TASK DIRECTIONS ▸ Lines in which "braille" appears should be pulled from the data below.

RECORD EXTRACTS ▸
━━━━━━━━━━━━━━━━━━━━

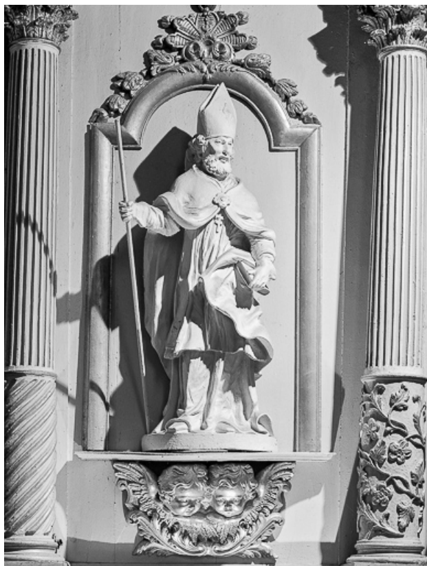
Vue de l'évêque de droite.
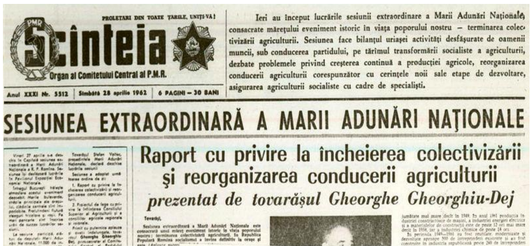
Fig. 3: Anunțul din ziarul Scînteia privind încheierea colectivizării agriculturii. Sursa: http://fototeca.iicr.ro/picdetails.php?picid=42770X86X94

La sesiunea extraordinară a Marii Adunări Naționale din zilele de 27 și 28 aprilie 1962, Gheorghiu-Dej a anunțat încheierea transformării socialiste a agriculturii (fig. 3): „ In Republica Populară Română, socialismul a învins definitiv la orașe și sate... Sectorul socialist din agricultură deține astăzi 96% % din suprafața arabilă și 93.4% din suprafața agricolă a țării; gospodăriile colective cuprind 3 201 000 de familii, aproape totalitatea familiilor țărănești... ” (Gheorghiu-Dej Gh., 1962, p. 287).
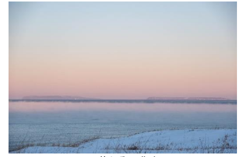
※道北ルート連携フォトコンテスト2018 萌える天北オロロンルート ルート賞 作品名: 北へ進路を取れ
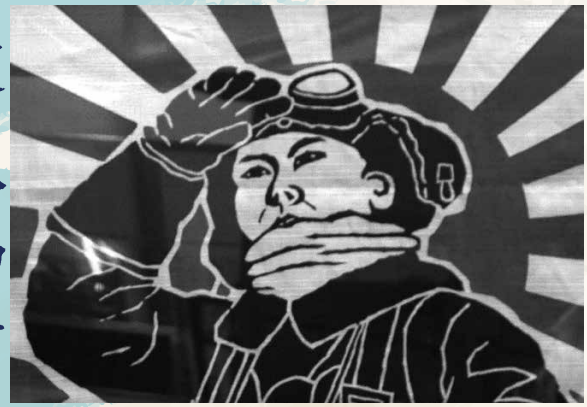
貴様と俺とは同期の桜 同じ航空隊の庭に咲く
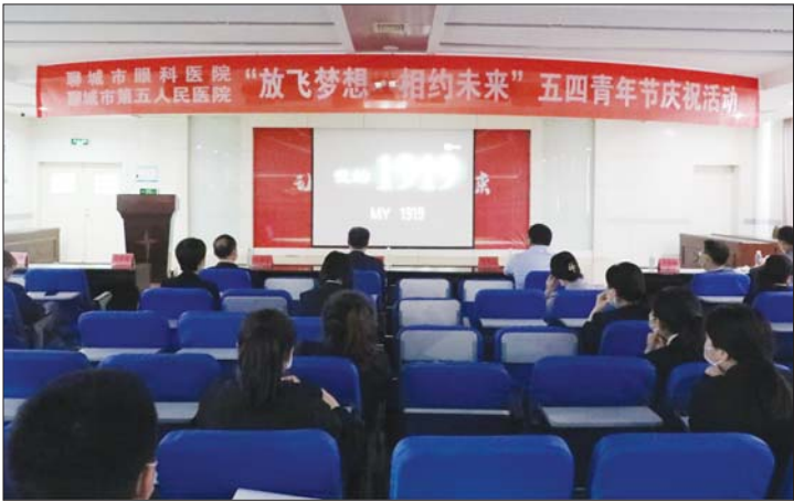
医院举办“放飞梦想 相约未来”征文颁奖和“五四”青年节观影活动。
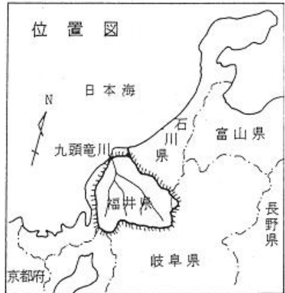
(参考図) 九頭竜川水系図
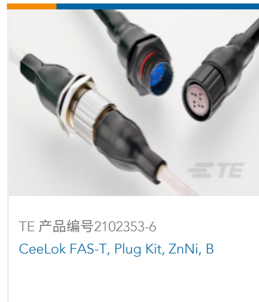
TE 产品编号2102353-6 CeeLok FAS-T, Plug Kit, ZnNi, B
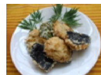
266 ほっけすり身 おせんべ風
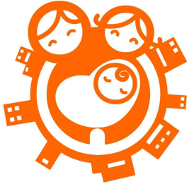
やまぐち子育て応援企業

県では、男女がともに働きながら安心して子どもを育てることができる雇用環境づくりの推進を宣言する事業者を「やまぐち子育て応援企業宣言制度」により応援します。
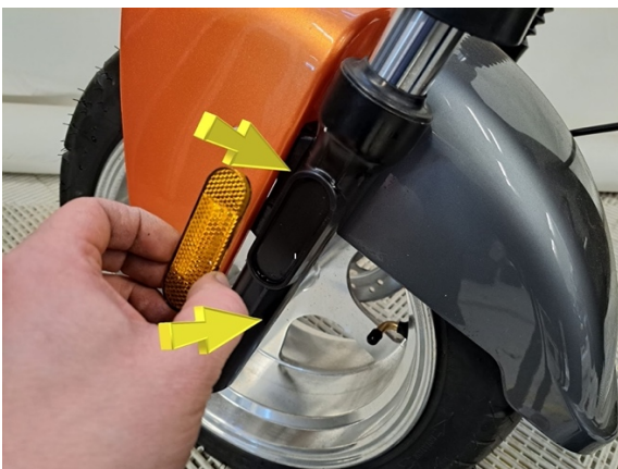
Asenna uusi heijastin paikalleen.
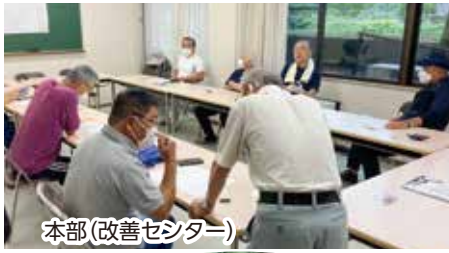
本部(改善センター)
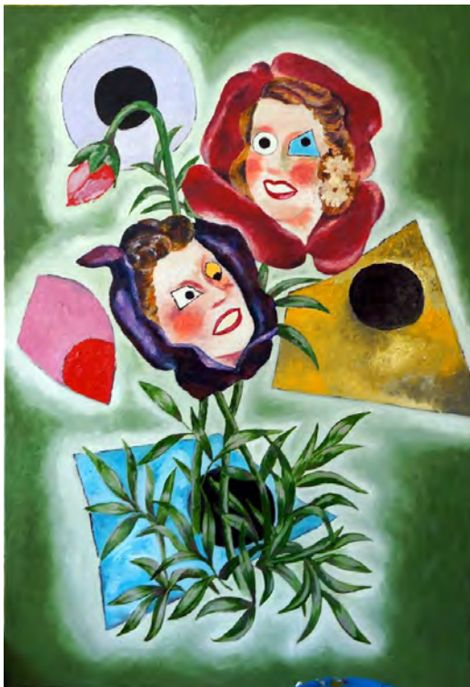
《妖花》 2017年 130.3×89.4cm 油彩・布 作家蔵（横尾忠則現代美術館寄託）

2017 年から 18 年にかけて集中的に描かれた謎めいた女性像の中の一点。この連作に共通するのは様々な日用品（キャベツや帽子、トイレトペーパーなど）によって女性の顔の一部が覆い隠されているという点ですが、本作は中でもやや変わり種。女性の顔が花と一体化しているばかりか、奇妙な紙切れが目元に重なり、福笑いのように歪んでいます。2015 年の「幻花 幻想幻画譚」展に展示した瀬戸内寂聴さんの小説『幻花』の挿絵（1974～75 年）の中にも、これに似た珍妙な生きものが登場します。どちらもうす気味悪いけれど、どこかチャーミング。(Y)
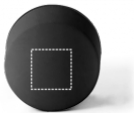
TAMPONTISK Termoláhev | uzávěr láhve 30 x 30 mm
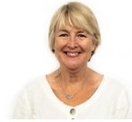
Siân Gwenllïan AS Plaid Cymru
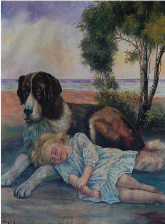
Νίκος Νικολαΐδης, «Ο σκύλος με το κοριτσάκι», λαδομπογιά.

Πάτησε στον ακόλουθο σύνδεσμο (σελίδες 8-9)
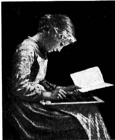
Anker: Die schreibende Schülerin

Die Zeiten ändern — eines ist sich aber gleich geblieben, Auf Schiefertafeln wird auch heute noch geschrieben!
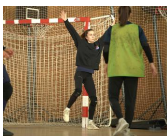
Dissociation-poussée pour couper la trajectoire du ballon
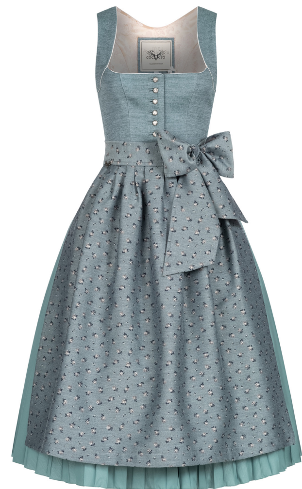
HEDI PLISSEE SPEARMINT
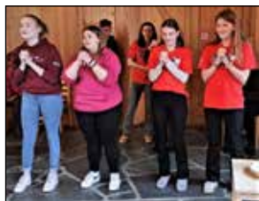
Lupy-lederne som loset ungene gjennom ei fin samling med Lys våken helg
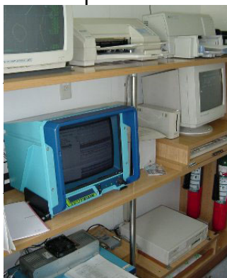
計量魚探船上設備

水温は、どの観測点でも、表面で10°C前後、水深50m付近で6.5°C前後でした。これらは昨年より最大で3°C程度低い値ですが、平成9～13年と比較すると平均的です。
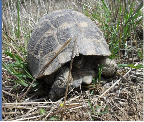
Resim 6 Kaplumbağa
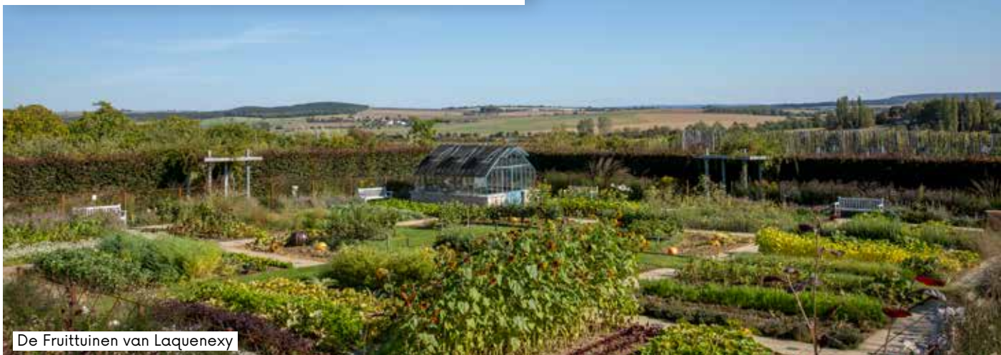
De Fruittuinen van Laquenexy
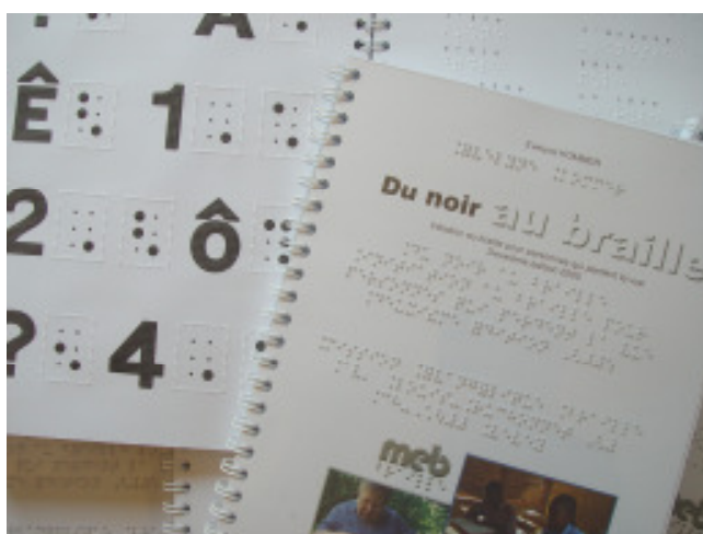
Abécédaire «Du noir au braille» en français, Méthode de base pour le braille.

Budget pour imprimer 5000 méthodes braille en 3 techniques d'impression à CHF 15.- : CHF 75'000.-
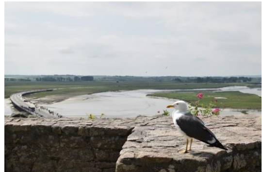
Vue sur la baie
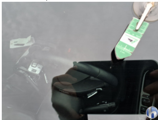
5. Windschutzscheibe Steinschlag - Smart Repair
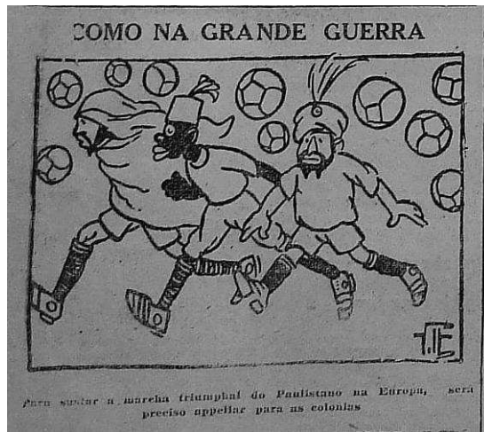
Bild 14: Multiethnizität auf beiden Seiten des Atlantik: Die brasilianische Presse zeigte sich belustigt, dass die Franzosen drei nordafrikanische Spieler einsetzte, um gegen die brasilianische Mannschaft anzutreten. Quelle: »Como na Grande Guerra. Para sustar a marcha triumphal do Paulistano na Europa, será preciso appellar para as colonias«, A Gazeta , 17.4.1925. 204
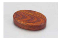
㉓ 1-514-20 限定品 M 小判楊子入れ スリ漆 ¥1,500 (8.7×5.8×2.9) 横200
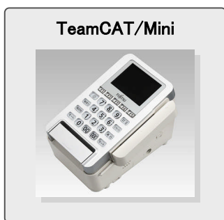
(2007年グッドデザイン賞受賞)
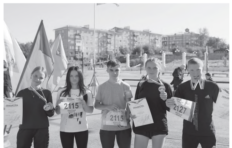
Участники всероссийского забега «Кросс нации»

Отдел по физической культуре и спорту города Черемхово
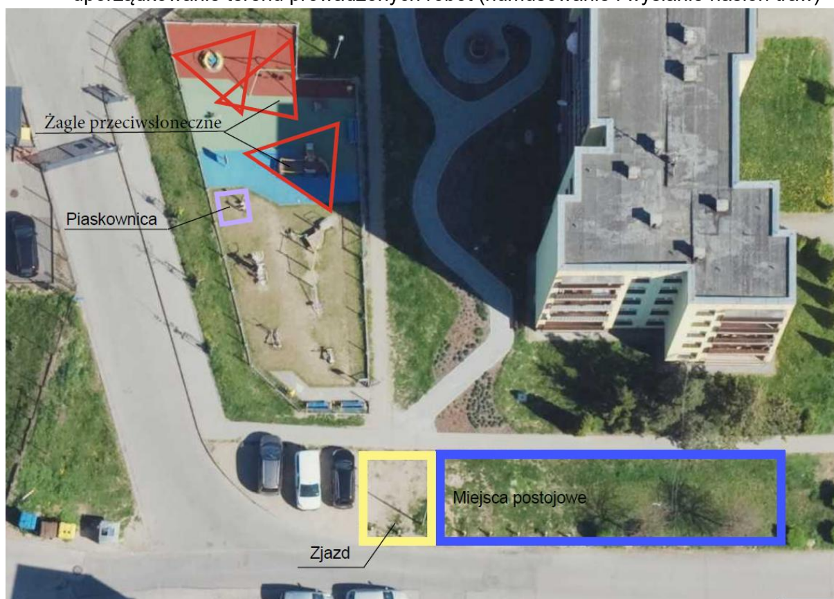
Rys. nr 2. Planowana lokalizacja miejsc postojowych, zjazdu, żagli przeciwsłonecznych i piaskownicy.
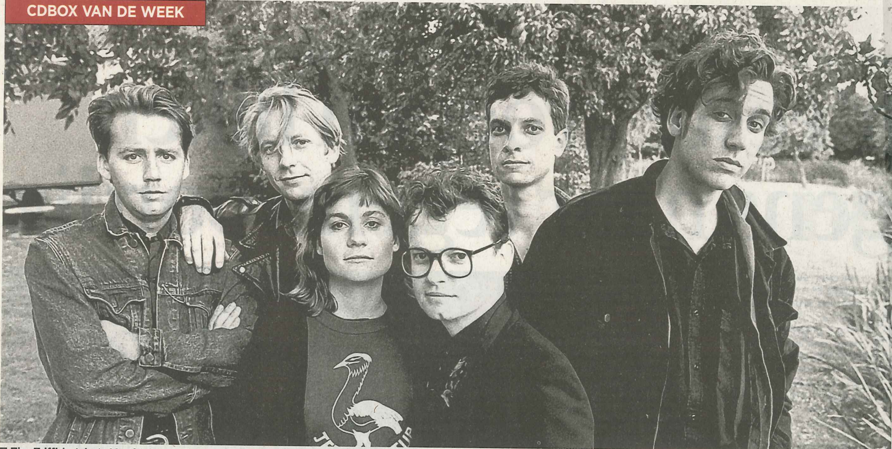
■ The Triffids (vlnr): Martin Casey, Robert McComb, Jill Birt, Graham Lee, Alsy MacDonald en David McComb.
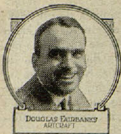
DOUGLAS FAIRBANKS, JR. ARTCRAFT

bría perdonado, sino que él se habría dado la culpa a sí mismo de todo. Ahora comprende que nunca conoció bien a su marido a pesar de los años que llevan de matrimonio.
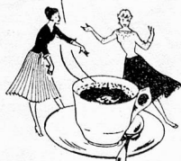
Nescafé is a registered trade mark to designate Nestlé's instant coffee.
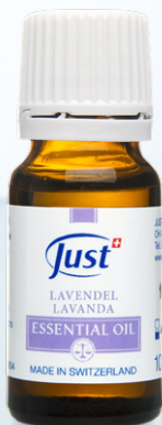
ETERIČNO ULJE LAVANDE Sugestivne mirisne note koje prizivaju mir i spokoj. 10 ml - Art. 3804
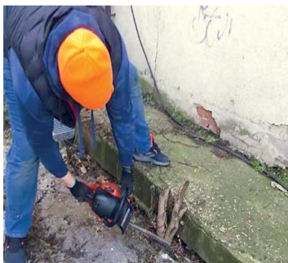
▪ Čistenie sídliska
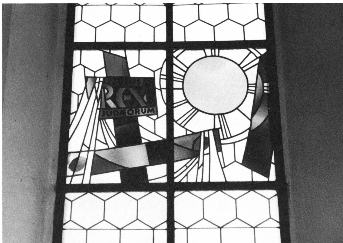
Die herrlichen Farbsymbole an den Fenstern schuf der Engelberger Künstler Pater Karl Stadler.
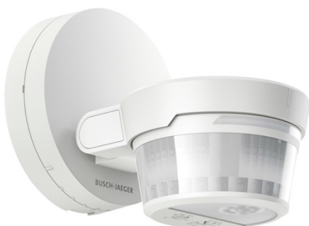
Bild: Der neue Busch-Wächter® PRO KNX sorgt für automatisches Licht, zeigt Sicherheitszustände per RGB-LED sichtbar an und ermöglicht eine flexible Steuerung per App.

„Mit dem Busch-Wächter® PRO KNX verbinden wir die bewährte Qualität unserer Bewegungsmelder mit den Möglichkeiten moderner KNX-Technologie – für mehr Sicherheit, mehr Komfort und mehr Gestaltungsfreiheit“, sagt Thomas Kwiaton, Produkt-Marketing Installationsprodukte und Systeme bei ABB und Busch-Jaeger. Ob im privaten Smart Home oder im gewerblichen Objekt – der Busch-Wächter® PRO KNX bringt leistungsstarke KNX-Intelligenz dorthin, wo sie gebraucht wird: zuverlässig, flexibel und zukunftssicher – entwickelt und gefertigt in Deutschland.
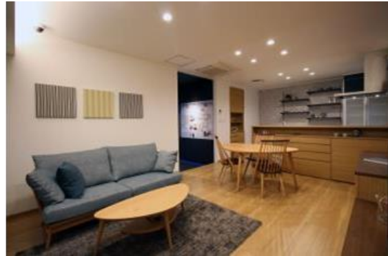
コミュニケーションがとりやすいLDKを実物大で展示
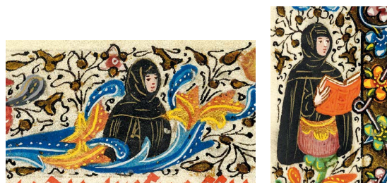
ILUSTRACIÓN 32. PML MS M.357, f. 118v (detalles)

7) En general, la ornamentación de los márgenes y las orlas no presenta decoraciones relativas a la muerte: en contados casos pequeñas imágenes representan ángeles, santos, figuras encapuchadas y afligidas (PML MS M.357, f. 118v). Es posible notar un cambio de tendencia a partir de la segunda mitad del siglo xv, fruto del aumento de motivos macabros como calaveras, esqueletos y huesos, además de esquelas mortuorias y rótulos con inscripciones funerarias (BL Add MS 50002, f. 85r [il. 25]; BnF NAL 3210, f. 76v [il. 27]; WAM W.420 [il. 33], f. 120v; BL Add MS 38126, f. 151r [il. 34]; PML MS M.80, ff. 109r, 112v, 121r, 124v, 126v, 142v; WAM 427, ff. 164-165r).
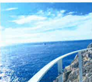
● shioji0913さん、7moomin7さん、他79人 hidakasanpo 豊田の勢向気津う白崎港洋公園
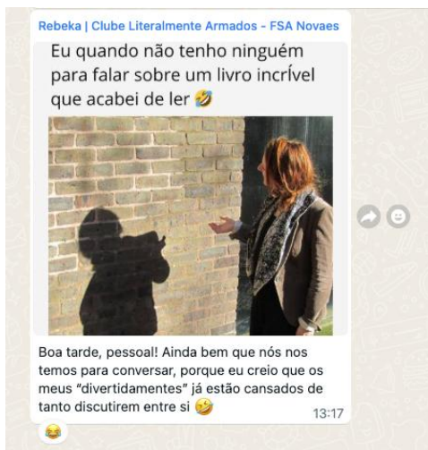
Figura 5 - Publicação da mediadora sobre sociabilidade literária em ambiente digital
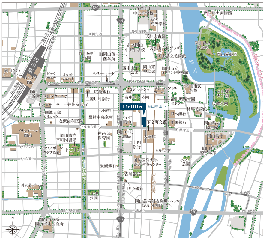
『Brillia岡山中山下』建設地位置図
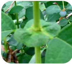
神楽の舞台と 言われている 葉の付け根部分
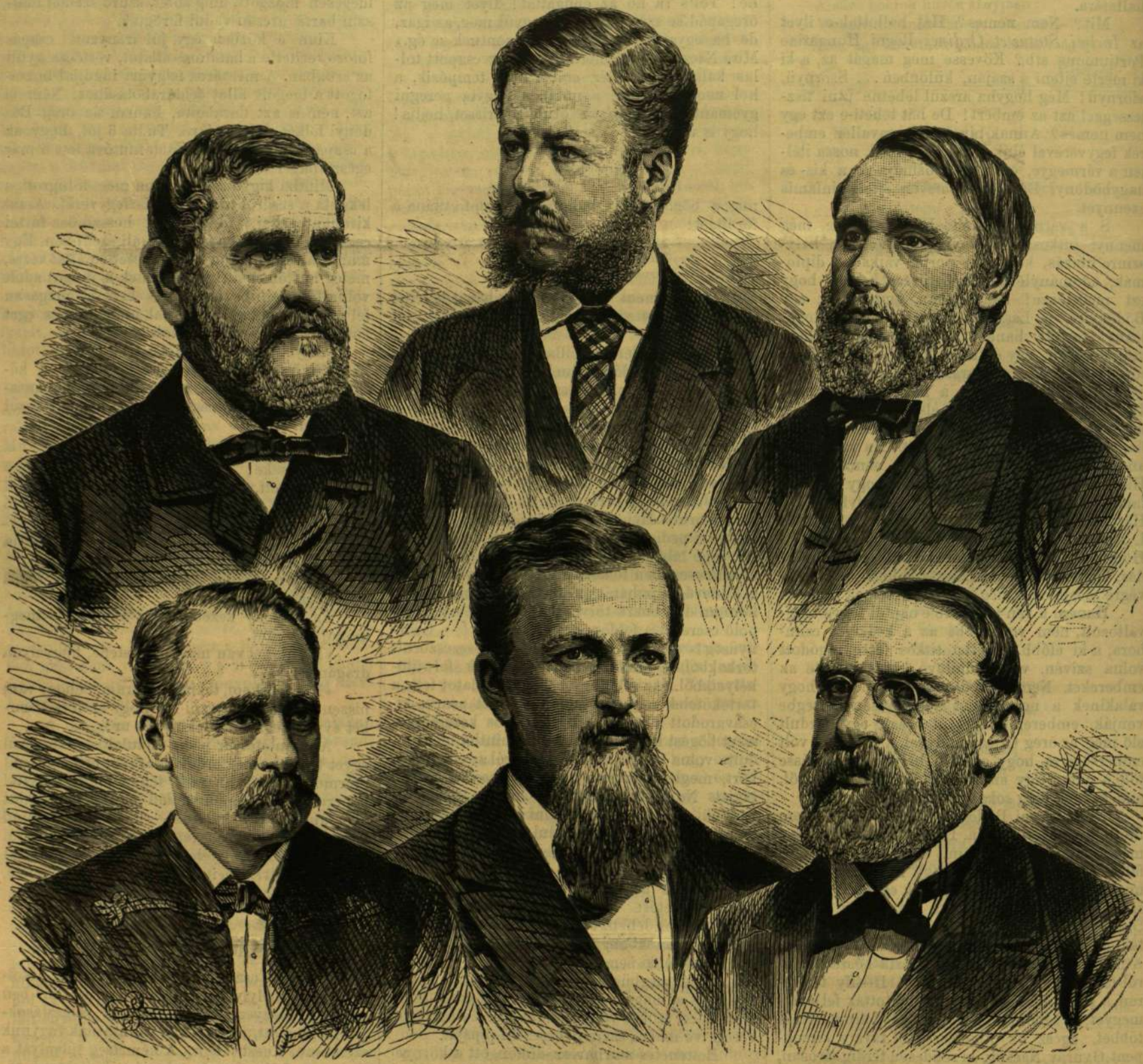
Rieger László. Gregr Eduárd.

━━━━━━━━━━━━━━━━━━━━

COMPLETED TASK ▸
Abécédaire «Du noir au braille» en français, Méthode de base pour le braille.
Budget pour imprimer 5000 méthodes braille en 3 techniques d'impression à CHF 15.- : CHF 75'000.-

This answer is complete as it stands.